Within the listing below, please copy exactly the lines between the line holding "注册Solana钱包、充值S" and the line holding "Çorlu'daki tren faciasında", inclusive.

• Excerpted data

- - -

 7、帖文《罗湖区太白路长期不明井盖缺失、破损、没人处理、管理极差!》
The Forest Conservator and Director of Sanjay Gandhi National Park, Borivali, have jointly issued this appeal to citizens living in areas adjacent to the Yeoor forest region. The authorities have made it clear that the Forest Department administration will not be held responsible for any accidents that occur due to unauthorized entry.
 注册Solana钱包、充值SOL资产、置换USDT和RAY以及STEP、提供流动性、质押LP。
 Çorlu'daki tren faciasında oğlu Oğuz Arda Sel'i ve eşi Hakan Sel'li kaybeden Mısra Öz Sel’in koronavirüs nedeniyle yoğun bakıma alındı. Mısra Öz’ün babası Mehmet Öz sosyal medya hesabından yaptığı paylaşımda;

- - -

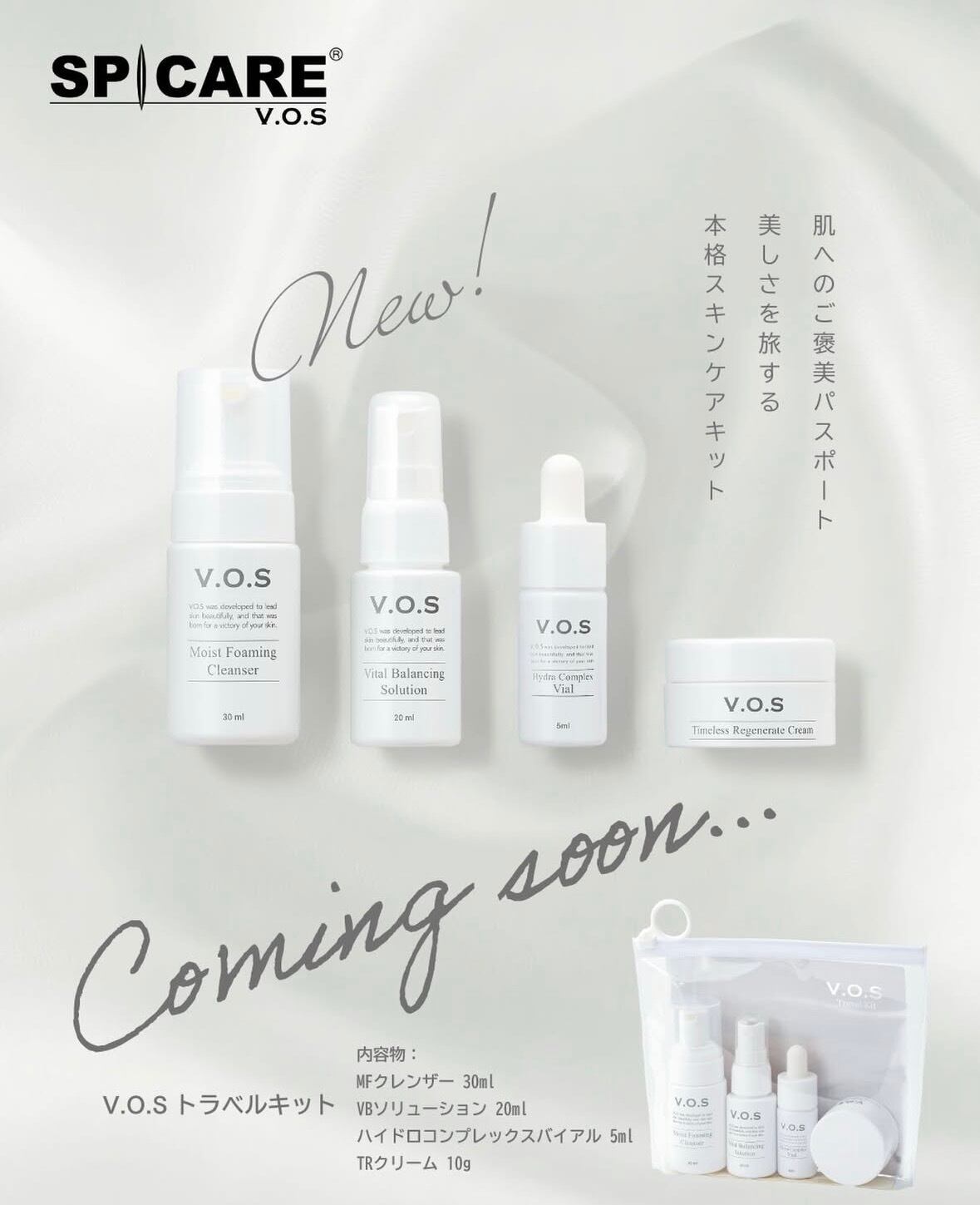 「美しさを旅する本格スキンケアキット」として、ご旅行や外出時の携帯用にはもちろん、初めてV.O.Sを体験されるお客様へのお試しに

- - -

• Completed exercise
 注册Solana钱包、充值SOL资产、置换USDT和RAY以及STEP、提供流动性、质押LP。
 Çorlu'daki tren faciasında oğlu Oğuz Arda Sel'i ve eşi Hakan Sel'li kaybeden Mısra Öz Sel’in koronavirüs nedeniyle yoğun bakıma alındı. Mısra Öz’ün babası Mehmet Öz sosyal medya hesabından yaptığı paylaşımda;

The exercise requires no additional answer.